The following notes are from SUSTech course "Artificial Intelligence B" taught in Fall 2023 by Prof. Jianguo Zhang.

Computer Vision

In the first half of the semester, we focused on computer vision.

Describing Images

Pixels

Digital images are just samples version of a scene. Mathematically, it is described as a matrix of pixels, \(\mathbf{I}\), in which the numerical value of each pixel represents the intensity of light signals.

For typical grey-scale images: 1 pixel = 1 byte = 8 bits, which can represent 256 different values (0-255). Where 0 is black and 255 is white.

Grayscale Image Row
A row of pixels sampled from a grayscale image.

A pixel can thus be described as \(\mathbf{I}_{i j} = x\), where \(i\) and \(j\) are the coordinates of the pixel and \(x\) is the intensity.

To invert an image, simply take:

\[\mathbf{I}' = 255 - \mathbf{I}\]

With Contrast Scaling, we can adjust the range \(\mathbf{I}_{ij} \in [L, H]\) of current pixel values to a new range.

\[ \mathbf{C}_{ij} = \begin{cases} L' &\text{if } \mathbf{I}_{ij} \leq L \\ H' &\text{if } \mathbf{I}_{ij} \geq H \\ \frac{H' - L'}{H - L}(\mathbf{I}_{ij} - L) + L' &\text{otherwise} \end{cases} \]

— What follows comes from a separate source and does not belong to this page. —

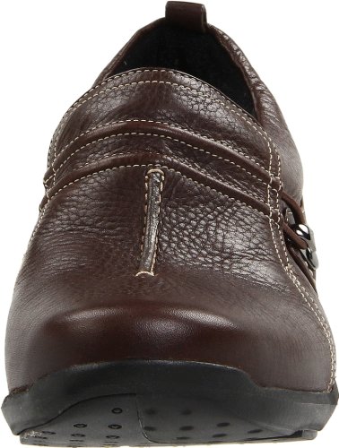 This women's leather walking shoe by Clarks WAVE® features an innovative curved rocker sole that conserves energy, absorbs shock and cushions the joints to enhance the walking experience. The Clarks Wave Skip has a slip-on style in supple black leather with a padded topline and removable OrthoLite® footbed for added comfort.
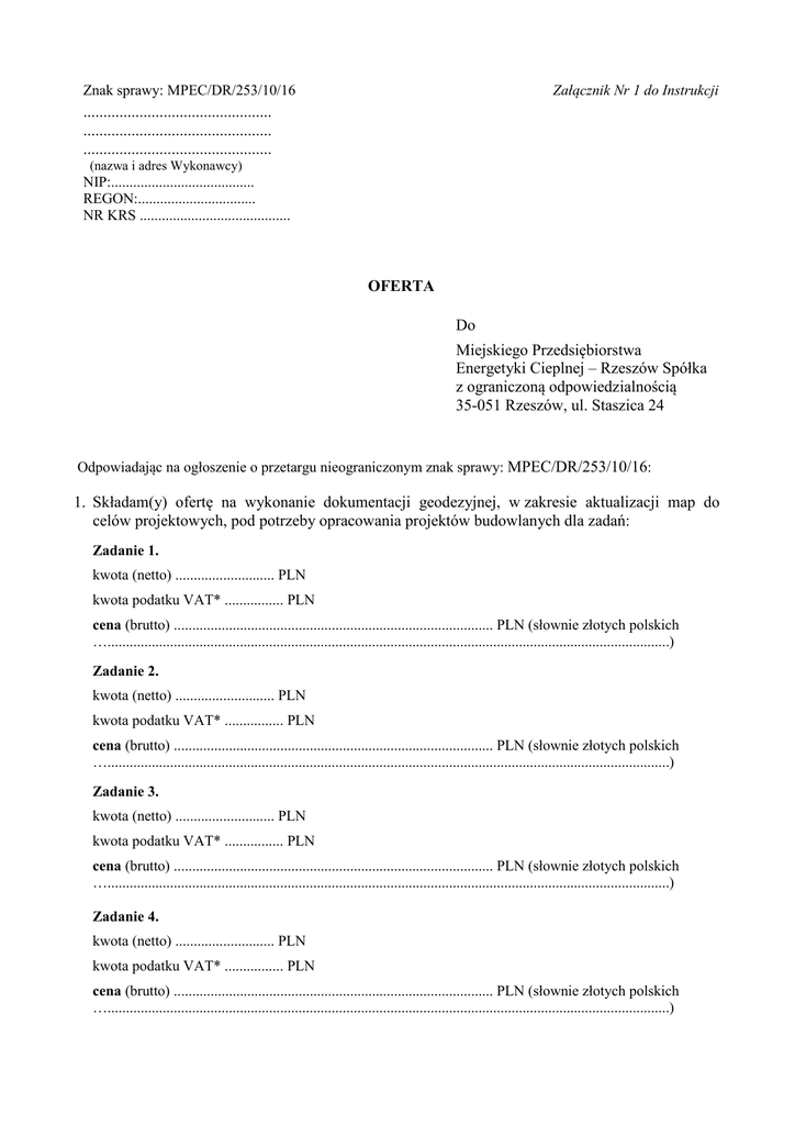 Znak sprawy: MPEC/DR/253/10/16 Załącznik Nr 1 do Instrukcji ............................................... ............................................... ............................................... (nazwa i adres Wykonawcy) NIP:....................................... REGON:................................ NR KRS ......................................... OFERTA Do Miejskiego Przedsiębiorstwa Energetyki Cieplnej – Rzeszów Spółka z ograniczoną odpowiedzialnością 35-051 Rzeszów, ul. Staszica 24 Odpowiadając na ogłoszenie o przetargu nieograniczonym znak sprawy: MPEC/DR/253/10/16: 1. Składam(y) ofertę na wykonanie dokumentacji geodezyjnej, w zakresie aktualizacji map do celów projektowych, pod potrzeby opracowania projektów budowlanych dla zadań: Zadanie 1. kwota (netto) ........................... PLN kwota podatku VAT* ................ PLN cena (brutto) ....................................................................................... PLN (słownie złotych polskich ….........................................................................................................................................................) Zadanie 2. kwota (netto) ........................... PLN kwota podatku VAT* ................ PLN cena (brutto) ....................................................................................... PLN (słownie złotych polskich ….........................................................................................................................................................) Zadanie 3. kwota (netto) ........................... PLN kwota podatku VAT* ................ PLN cena (brutto) ....................................................................................... PLN (słownie złotych polskich ….........................................................................................................................................................) Zadanie 4. kwota (netto) ........................... PLN kwota podatku VAT* ................ PLN cena (brutto) ....................................................................................... PLN (słownie złotych polskich ….........................................................................................................................................................) Zadanie 5. kwota (netto) ........................... PLN kwota podatku VAT* ................ PLN cena (brutto) ....................................................................................... PLN (słownie złotych polskich ….........................................................................................................................................................) Zadanie 6. kwota (netto) ........................... PLN kwota podatku VAT* ................ PLN cena (brutto) ....................................................................................... PLN (słownie złotych polskich ….........................................................................................................................................................) Zadanie 7. kwota (netto) ........................... PLN kwota podatku VAT* ................ PLN cena (brutto) ....................................................................................... PLN (słownie złotych polskich ….........................................................................................................................................................) Zadanie 8. kwota (netto) ........................... PLN kwota podatku VAT* ................ PLN cena (brutto) ....................................................................................... PLN (słownie złotych polskich ….........................................................................................................................................................) Zadanie 9. kwota (netto) ........................... PLN kwota podatku VAT* ................ PLN cena (brutto) ....................................................................................... PLN (słownie złotych polskich ….........................................................................................................................................................) Zadanie 10. kwota (netto) ........................... PLN kwota podatku VAT* ................ PLN cena (brutto) ....................................................................................... PLN (słownie złotych polskich ….........................................................................................................................................................) Zadanie 11. kwota (netto) ........................... PLN kwota podatku VAT* ................ PLN cena (brutto) ....................................................................................... PLN (słownie złotych polskich ….........................................................................................................................................................) Zadanie 12. kwota (netto) ........................... PLN kwota podatku VAT* ................ PLN cena (brutto) ....................................................................................... PLN (słownie złotych polskich ….........................................................................................................................................................) 2 Zadanie 13. kwota (netto) ........................... PLN kwota podatku VAT* ................ PLN cena (brutto) ....................................................................................... PLN (słownie złotych polskich ….........................................................................................................................................................) Zadanie 14. kwota (netto) ........................... PLN kwota podatku VAT* ................ PLN cena (brutto) ................................................

The output image \(\mathbf{C}\) will have pixel values in the range \([L', H']\).

Intensity Histograms

We can show the value of the image as a histogram. Where the x-axis corresponds to the intensity of the pixel and the y-axis corresponds to the count.

Histogram of Pixel Intensities
Histogram of pixel intensities for a randomly generated image and Lenna.

Quantization is important when we are comparing

With the normalized histogram \(h(x)\), we can calculate a lot of qualities of the image. For example, the mean \(\mu\), variance \(\sigma^2\), and entropy \(H(h)\) of the histogram can be calculated as follows:

\[ \mu = \sum_{x=L}^{H} x \cdot h(x) \]
\[ \sigma^2 = \sum_{x=L}^{H} (x - \mu)^2 \cdot h(x) \]
\[ H(h) = -\sum_{x=L}^{H} h(x) \log_2 h(x) \]

Higher entropy means more information is contained in the image. The distribution with highest entropy is the uniform distribution.

If we have two images, we can then calculate the cross-entropy between the two histograms \(h_1(x)\) and \(h_2(x)\) of the images as follows:

\[CE = -\sum_{x=L}^{H} h_1(x) \log_2 h_2(x)\]

Thresholding

Thresholds can be used to distinguish pixels within the image. The image after thresholding with value \(t\), \(\mathbf{T}\) can be calculated as follows:

\[\mathbf{T}_{ij} = \begin{cases} L & \text{if } \mathbf{I}_{ij} < t \\ H & \text{if } \mathbf{I}_{ij} \geq t \end{cases}\]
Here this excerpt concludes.